Social anxiety disorder is also referred to as social phobia and it is essentially an anxiety disorder in which an individual has an unreasonable and excessive fear of social situations. Self-consciousness and intense nervousness arise from a phobia of being judged, criticized and closely watched by others.
An individual who has social anxiety disorder is terrified that he or she will look bad, make mistakes and be humiliated or embarrassed in front of others. This fear could become worse if the individual lacks experience or social skills in social situations. Social anxiety could build up into a panic attack. Due to the fear, this individual becomes distressed in certain social situations or he or she may totally avoid them.
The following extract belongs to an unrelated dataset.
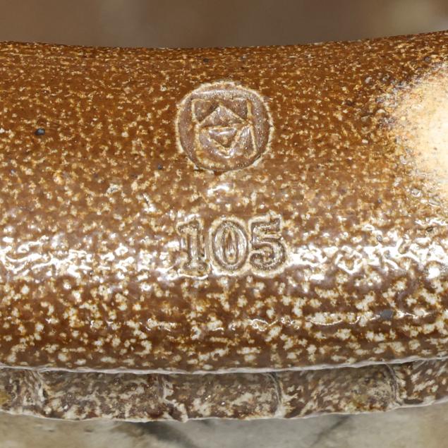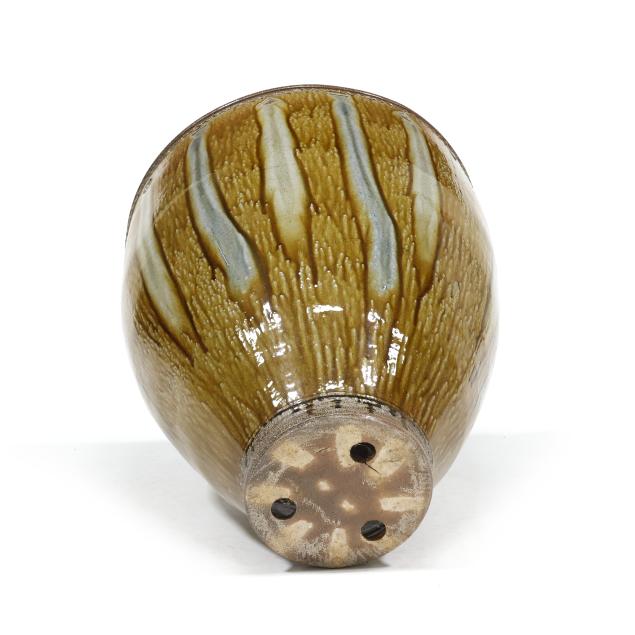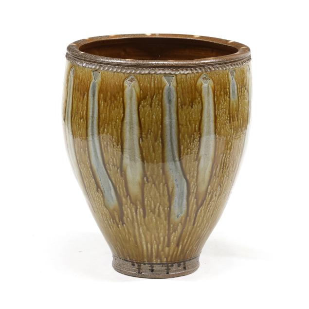 Pittsboro, salt glazed stoneware, stamped with 1995-present oval potter's glyph and 105th firing mark, jardiniere form with crimped relief band under the flat rim, decorated in ash glazes and glass runs descending from impressed geometric glass mounts, the base with three integral holes for drainage.

Additionally, individual who have social anxiety disorder frequently suffer “anticipatory” anxiety, which is a fear of a situation prior to it even happening. In a lot of cases, the individual is aware that it is an unreasonable fear, yet he or she is powerless to overcome it.
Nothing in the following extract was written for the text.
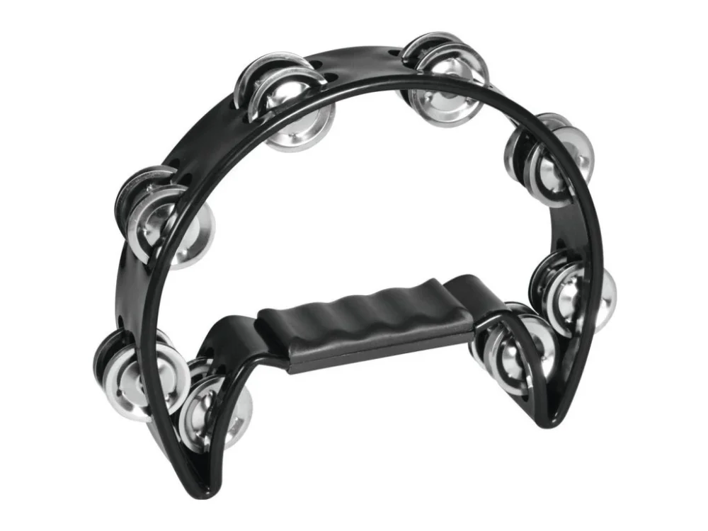Tamburína u černého plastu. 16 párů poniklovaných plíšků, tvarované držadlo. Barva černá.

No single known cause is there for social anxiety disorder; however, research suggests that environmental, psychological and biological factors play a part in its development.
Individual who have social anxiety disorder could develop their fear while noticing another person being made fun of or from witnessing the behavior of others. In addition, sheltered or overprotected children may not develop good social skills as a component of their normal development.
Social anxiety disorder could result from past humiliating or embarrassing social experiences like being ignored or bullied by peers.
Currently, social anxiety disorder is believed to be linked to irregular functioning of brain circuits, which regulate the ‘fight or flight’ response hub in the brain as well as the emotions. Genetics could also contribute to the disorder.
Currently, the most effective treatment for this disorder is CBT or cognitive behavioral therapy. Medication could also be used to assist in easing social anxiety disorder symptoms to make CBT more effective. Medication could be used alone as well.
Social Anxiety Support in Auckland
Support groups for social anxiety operate with the goal of bringing together individuals with similar problems to have discussions and learn from the experiences of others. Individuals who are thinking about joining a support group should find one that has members who are afflicted with social anxiety disorder as well. These group members are more likely to appreciate the difficulty involved in talking openly.
The aim of support groups is to encourage fun and friendship. The activities may include cafe visits, games, bush walks, movies, dinners and focused meetings in which members can talk about challenges. There are even meetings to which guest speakers are invited to address members. Group members are typically just ordinary individuals who are seeking to connect with others who have similar issues.
The issues group members face could range from social phobia, mild to chronic anxiety, physical limitations, depression and individuals whose anxieties and fears came about as a result of traumatic events like stress, loss of a loved one, discrimination, divorce or illness.